Star guard Sabrina Ionescu said she couldn’t just “flush” the result. Forward Leonie Fiebich watched the contest three full times in the 36 hours immediately after the overtime loss. Veteran guard Courtney Vandersloot described moving forward “as a process.”
Liberty coach Sandy Brondello was glad two days separated Game 1 and Game 2 so she had more time to watch film and reflect. But just after 3 p.m. Sunday, a new game began. And with it, a new chapter in the series was written.
Though there were moments that felt eerily similar — New York, for instance, saw a 17-point lead shrink to only two with 3:21 remaining in the game — Sunday’s sequel featured a player who had a relatively minimal impact in the opener: Liberty wing Betnijah Laney-Hamilton.
Laney-Hamilton played the fewest minutes (26) of any New York starter in Game 1. In the Liberty’s 80-66 Game 2 victory, she scored 20 points, tying her season high. Laney-Hamilton nailed a 3-pointer with 3:20 remaining, the biggest shot of the contest, which stretched the lead back to five.
Then, she grabbed a rebound on the ensuing possession as the Barclays Center-record 18,040 fans in attendance rejoiced.
That Laney-Hamilton emerged as Sunday’s star is especially impressive considering Brondello’s prognosis of the wing Saturday. She played in only 28 games during the regular season, missing time from July 6 to Aug. 26 because of a knee procedure.
“She’s giving whatever she can,” Brondello said Saturday. “I think everyone sees that she’s trying. It’s not the same B that we’ve seen all season long, but it is what it is.”
She did more than just try. In addition to her offensive contributions, she spent time guarding Courtney Williams (who finished with only 15 points Sunday compared to 23 in Game 1) and Kayla McBride (who had a mere eight points after tallying 22 on Thursday).
And yet, despite Laney-Hamilton’s boost, plus bounce-back games from Stewart (21 points, eight rebounds, and five assists) and Ionescu (15 points), there were still moments in which the two games seemed the same. New York jumped out to a 10-point first quarter lead, but by the 6:52 mark of the period, it led by just six.
The Liberty led by 10 heading to halftime, but that was slashed to four points with just 90 seconds remaining in the frame. In the fourth quarter, New York’s lead grew as large as 11, but it shrunk, too. With just under four minutes left, the Liberty led by only two and those in attendance felt tension similar to the waning moments of Game 1.

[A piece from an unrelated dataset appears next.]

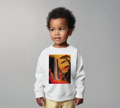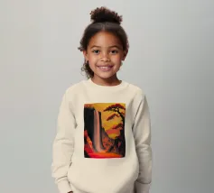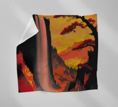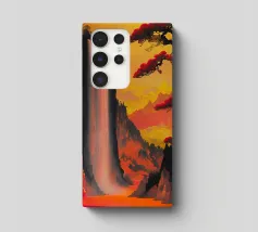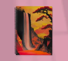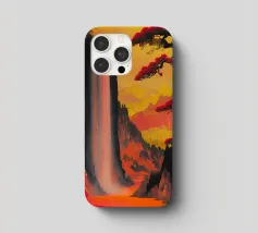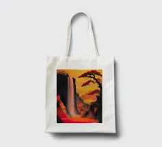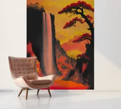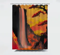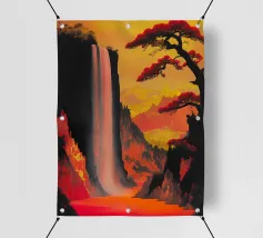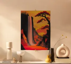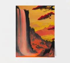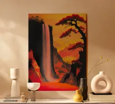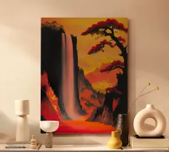 Un dipinto paesaggistico mozzafiato che raffigura una cascata in mezzo a un tramonto vibrante e infuocato. Un pino solitario si staglia sullo sfondo drammatico, con i suoi rami che si stagliano contro il cielo infuocato. La scena è ricca di colori contrastanti che creano un senso di stupore e meraviglia.

This time, however, there would be no collapse.
Stewart had three, of her finals-record seven, steals in the final five minutes. Jonquel Jones hit a timely layup with 3:57 left. Fiebich paused, took a deep breath and nailed a wide-open 3-pointer with 90 seconds left to extend New York’s cushion to nine points.
After doing so, with Minnesota having taken a timeout, Laney-Hamilton pumped her fist. So, too, did Ionescu.

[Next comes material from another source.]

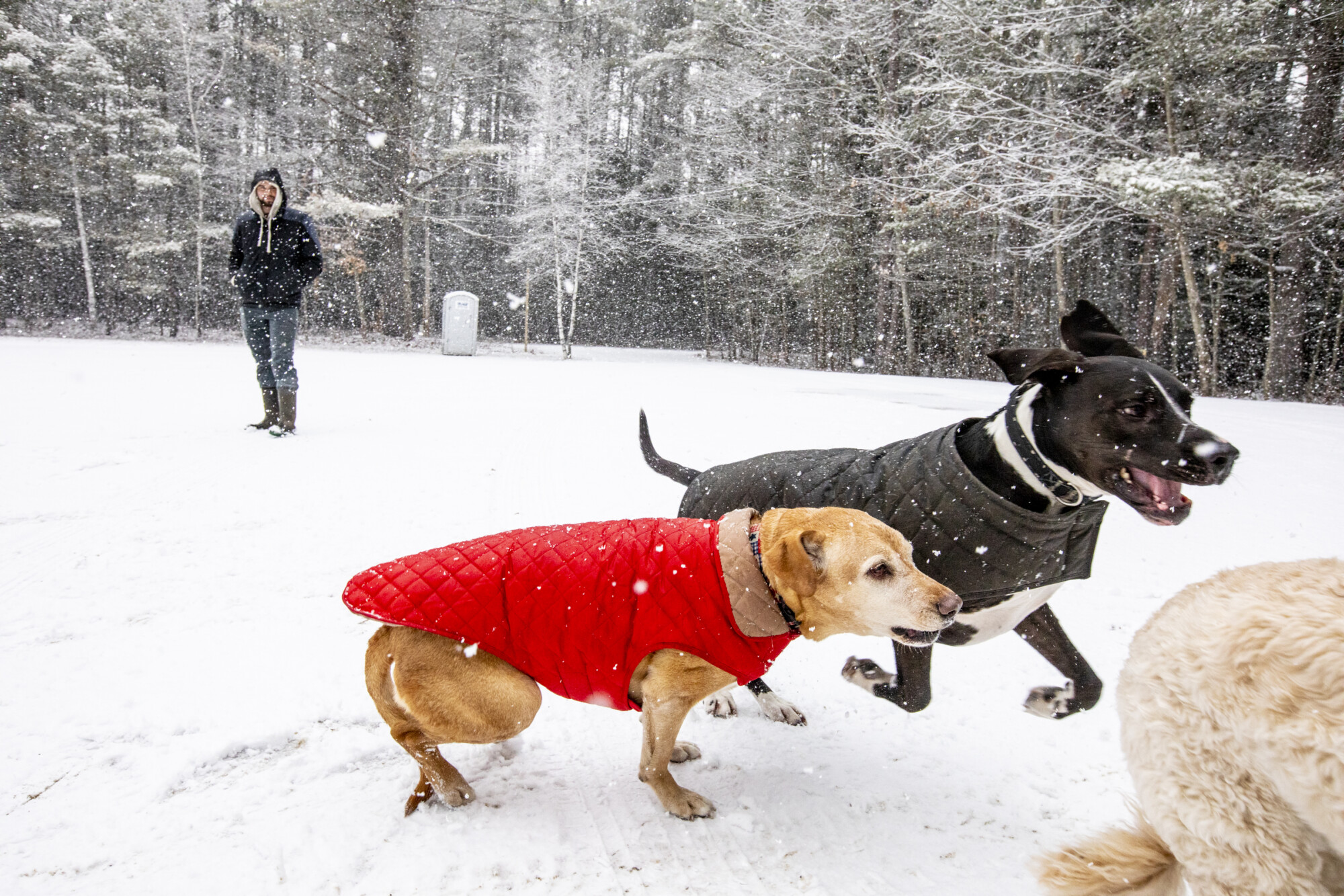Cameron Gross’ dogs Gus and Chelsea, of Hanover, chase Juno, owned by Pam Freeman, of Bethel (not pictured), at Valentine Farm on North Road in Bethel in December 2022. (Rose Lincoln/Bethel Citizen)

Collier had a modest game by her standards (16 points and eight rebounds), while a late 3-point attempt by Williams that rolled off the rim was a sign that Sunday afternoon would be different than Thursday night.
Game 3 of the 1-1 series is Wednesday night. Tipoff is set for 8 p.m. ET.

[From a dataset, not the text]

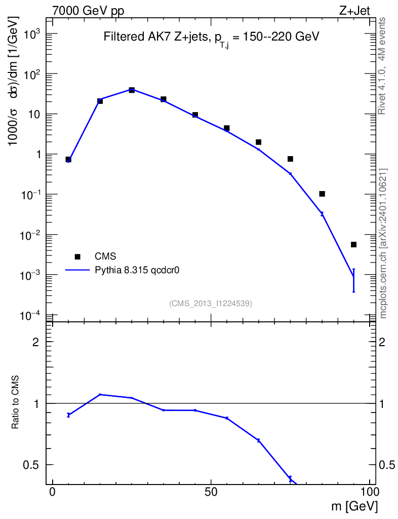Lines: data, pythia8 8.315 qcdcr0 |

Laney-Hamilton becomes X-factor
Laney-Hamilton is less than three months removed from a procedure to remove two loose bodies from her right knee. She came off the bench during her ramp up to a full return and is still playing limited shifts in the postseason, with everyone acknowledging Laney-Hamilton isn’t going to be at 100 percent in this series.
But even at less than her best, the 2021 All-Star was still capable of being better. Laney-Hamilton had scored in double digits once in New York’s seven postseason games entering Sunday, and she was shooting 29.1 percent from the floor.
The Liberty needed more offense in Game 2 with Minnesota covering Fiebich more tightly after her five 3-pointers Thursday, and Laney-Hamilton came through. She was aggressive pulling up off of screens and made strong drives to the basket.
When New York’s movement on offense stalled, she took advantage of switches by posting up smaller defenders in the post.
Laney-Hamilton hit one of the biggest shots of the night, a corner 3-pointer off of a no-look, kick out pass from Ionescu to extend the Liberty’s lead to five points, 71-66, with 3:21 left in the game. Minnesota would never get within one possession after that.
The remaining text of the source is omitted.